═══ INPUT DATA ═══

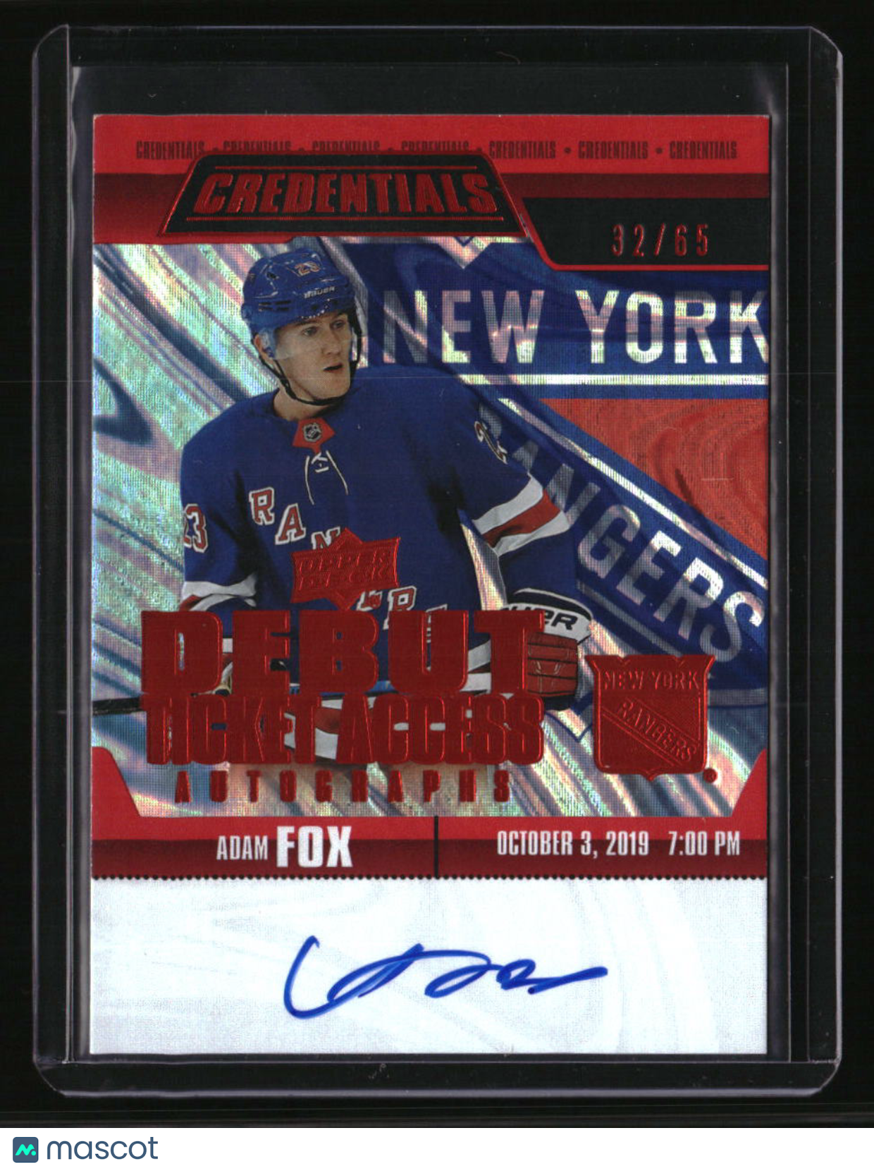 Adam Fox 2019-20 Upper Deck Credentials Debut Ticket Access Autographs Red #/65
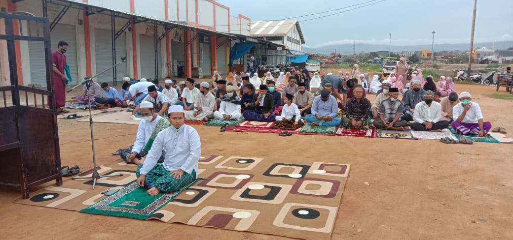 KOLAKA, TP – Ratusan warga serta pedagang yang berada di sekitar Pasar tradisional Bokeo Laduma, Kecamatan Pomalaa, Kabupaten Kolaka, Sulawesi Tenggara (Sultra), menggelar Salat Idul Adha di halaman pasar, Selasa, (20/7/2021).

═══
═══ INPUT DATA ═══

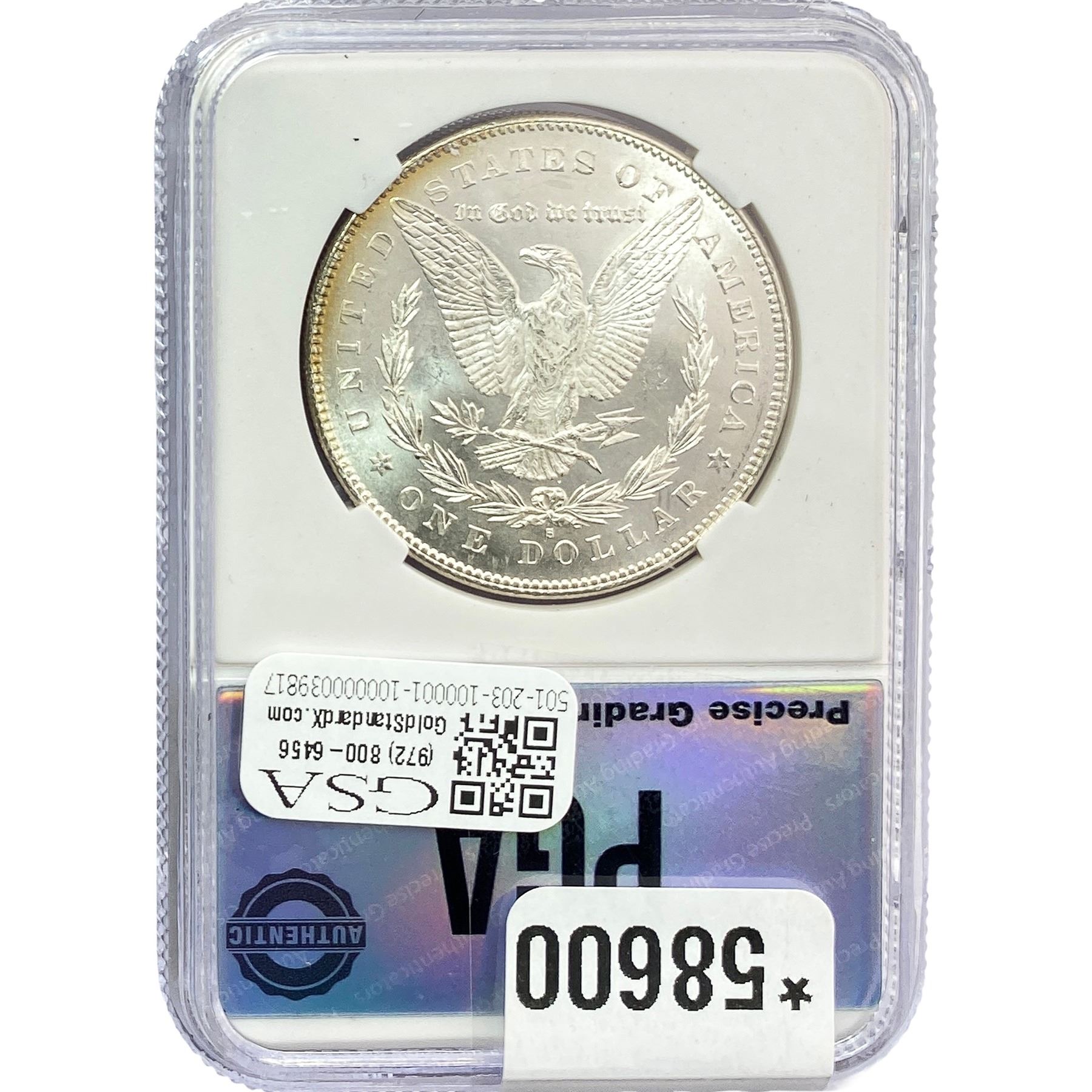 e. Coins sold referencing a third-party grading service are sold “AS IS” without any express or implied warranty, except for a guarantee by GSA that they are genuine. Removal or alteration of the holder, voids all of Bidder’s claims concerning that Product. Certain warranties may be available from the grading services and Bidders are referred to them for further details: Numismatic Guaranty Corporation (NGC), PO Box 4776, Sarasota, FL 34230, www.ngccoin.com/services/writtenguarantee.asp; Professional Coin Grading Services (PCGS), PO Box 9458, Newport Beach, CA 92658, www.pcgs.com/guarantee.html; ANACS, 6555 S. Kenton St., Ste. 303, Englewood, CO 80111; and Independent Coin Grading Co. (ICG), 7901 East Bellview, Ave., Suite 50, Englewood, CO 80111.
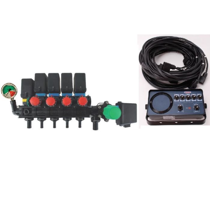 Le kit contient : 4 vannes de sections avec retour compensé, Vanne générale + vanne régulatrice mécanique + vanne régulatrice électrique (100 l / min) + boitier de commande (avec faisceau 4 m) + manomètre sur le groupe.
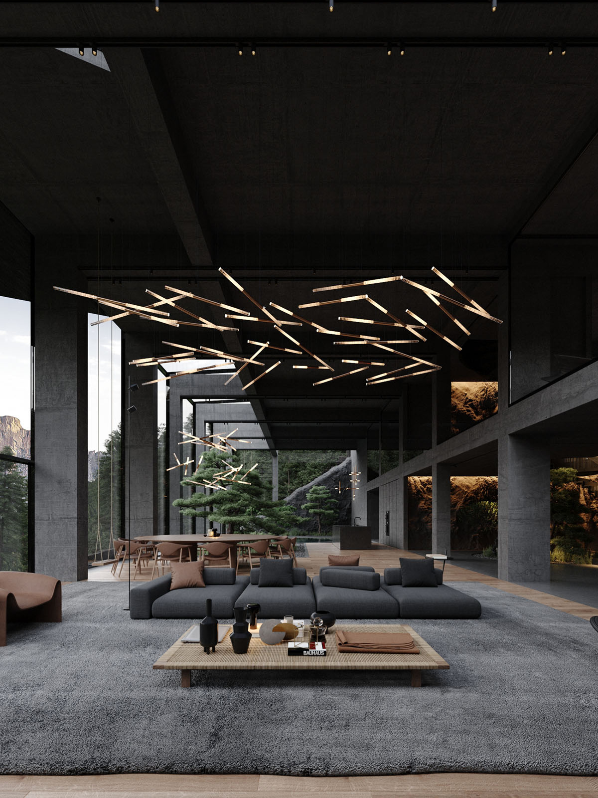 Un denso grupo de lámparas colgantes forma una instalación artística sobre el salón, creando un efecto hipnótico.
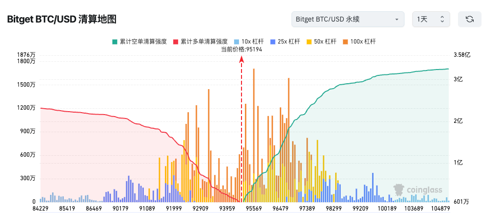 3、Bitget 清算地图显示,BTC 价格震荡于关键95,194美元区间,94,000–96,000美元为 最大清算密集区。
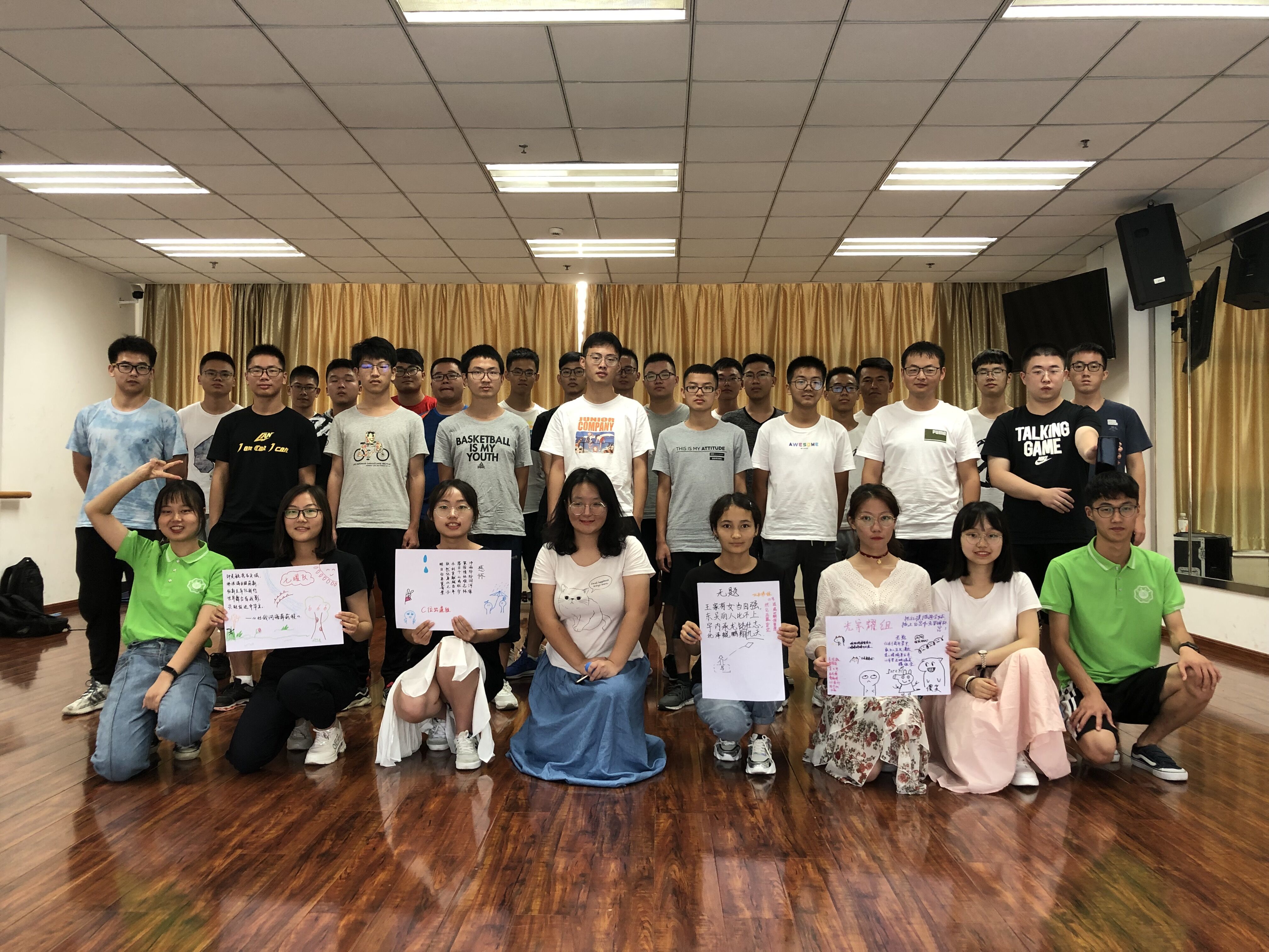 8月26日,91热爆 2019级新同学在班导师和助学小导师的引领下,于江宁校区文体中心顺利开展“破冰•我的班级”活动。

═══

The copy should hold only the lines from the one with "Un denso grupo" through the one with "8月26日,91热爆 201", exactly as they stand above. Leave out the pictures.

 Un denso grupo de lámparas colgantes forma una instalación artística sobre el salón, creando un efecto hipnótico.
 3、Bitget 清算地图显示,BTC 价格震荡于关键95,194美元区间,94,000–96,000美元为 最大清算密集区。
 8月26日,91热爆 2019级新同学在班导师和助学小导师的引领下,于江宁校区文体中心顺利开展“破冰•我的班级”活动。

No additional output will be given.